Comme toutes les conduites énergétiques souterraines, celle de Cabo da Roca-Açores était régulièrement surveillée par de petits engins robots qui pouvaient se livrer à des interventions mineures quand la croûte planétaire tremblait lors d’un banal incident de Classe Un, sans même interrompre le faisceau photonique. Mais les Classe Deux étaient assez sévères pour provoquer une coupure automatique. Il suffisait d’une secousse pour déplacer légèrement un segment de la conduite qui ne se trouvait plus alors aligné, ou pour endommager l’une des stations-miroirs vitales pour la transmission. Les équipes de surface empruntaient alors les tunnels de service pour se rendre sur les lieux de la panne et, généralement, les réparations étaient très rapidement exécutées.

Mais, ce jour-là, le réajustement tectonique avait atteint la Classe Trois. La Fracture de Despacho avait été secouée, engendrant un écho de sympathie dans le basalte océanique, ainsi que la formation de tout un réseau de failles mineures. La roche ardente qui entourait une section de trois kilomètres de tunnels couplés se déplaça soudainement du nord au sud, de l’est à l’ouest, vers le haut et vers le bas, écrasant non seulement la conduite mais le plus large des tunnels de service. La station-miroir se vaporisa en un flash thermonucléaire réduit, et les photons du faisceau continuèrent sur leur trajectoire libre pendant une micro-seconde avant que le système de rupture ne se déclenche. Le faisceau transperça la paroi fracassée de la conduite et continua en droite ligne vers l’ouest à travers la croûte jusqu’au fond de l’océan. La roche liquéfiée provoqua une explosion de vapeur à l’instant où le faisceau s’éteignait, ce qui scella effectivement la fistule. Mais ce qui avait été auparavant une vaste région de roc parfaitement stable était maintenant un amas de rocs mitonnés à la sauce océanique et de poches de lave qui se refroidissaient lentement.

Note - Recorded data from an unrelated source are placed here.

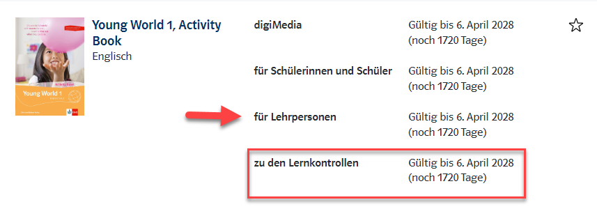 In einigen Lehrwerken bilden die Lernkontrollen einen eigenen Lehrwerksteil und müssen separat gekauft und anschliessend gesondert freigeschaltet werden. Folgender Screenshot zeigt, wie es unter «Meine Inhalte» korrekterweise aussieht, wenn die Lernkontrollen zur Verfügung stehen.
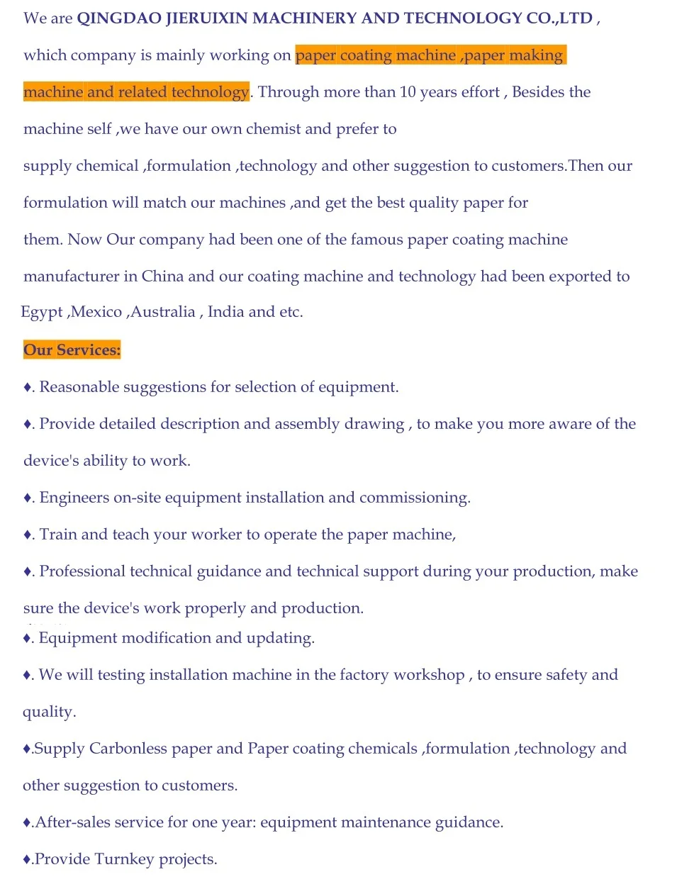⇓we have our own chemist and prefer to supply chemical ,formulation ,technology and other suggestion to customers.Then our formulation will match our machines ,and get the best quality paper for them.
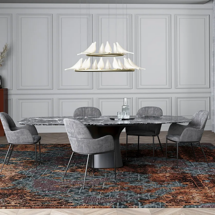 La lampe suspendue est conçue avec une technologie d'éclairage moderne, garantissant efficacité énergétique et longévité. Chaque ampoule est facilement remplaçable, et le luminaire est compatible avec divers types d'ampoules, vous permettant de personnaliser la luminosité et l'ambiance selon vos préférences. La lampe est également conçue pour la stabilité et la sécurité, avec des options de montage sécurisées qui garantissent qu'elle reste solidement en place.

Une seconde après la rupture, un bypass rétablit la transmission d’énergie avec les Açores. Jusqu’à la fin des réparations, les îles seraient principalement alimentées par le Niveau 38 du Centre Collecteur au nord-ouest de Lorca, en Espagne, via Gibraltar et Madère. Les équipes des foreuses, de part et d’autre du maudit segment, avaient pour charge de balayer les dégâts, de reconstruire le miroir et de creuser des gaines de renforcement pour les tunnels qui passaient à proximité de cette nouvelle zone d’instabilité.

Alors, la lumière jaillirait à nouveau.

— Lisbong Leader, ici Ponta-Del Trois-Alpha arrivant de Klom Sept-Neuf-Sept, répondez.

— Lisbong Seize-Echo, je vous reçois, Ponta Del, dit Georgina. Nous sommes au point Sept-Huit… Sept-Huit-Cinq-Sept-Neuf… A la cassure. Sept-Neuf-Deux. Vous vous chargez de la fistule, les gars ?

— Affirmatif, Lisbong. Une unité sur la conduite pour la jonction. Ça fait un moment qu’on ne s’est vus, Georgina. Mais on ferait mieux de ne plus se donner rendez-vous ici ! Mets ton meilleur perceur sur la ligne, ma belle. Je crois qu’elle va nous en faire baver, la garce.

— Ne t’en fais pas, Ponta Del. A bientôt, Larry mon mignon. Seize-Echo Terminé.

Stein Oleson serra les dents et empoigna les deux sticks de commande de sa foreuse. Il savait qu’il était le meilleur de Lisbonne. Personne ne pouvait percer aussi bien que lui. Les bulles de lave, les anomalies magnétiques, rien ne pouvait le détourner de sa cible. Il se tint prêt à démarrer.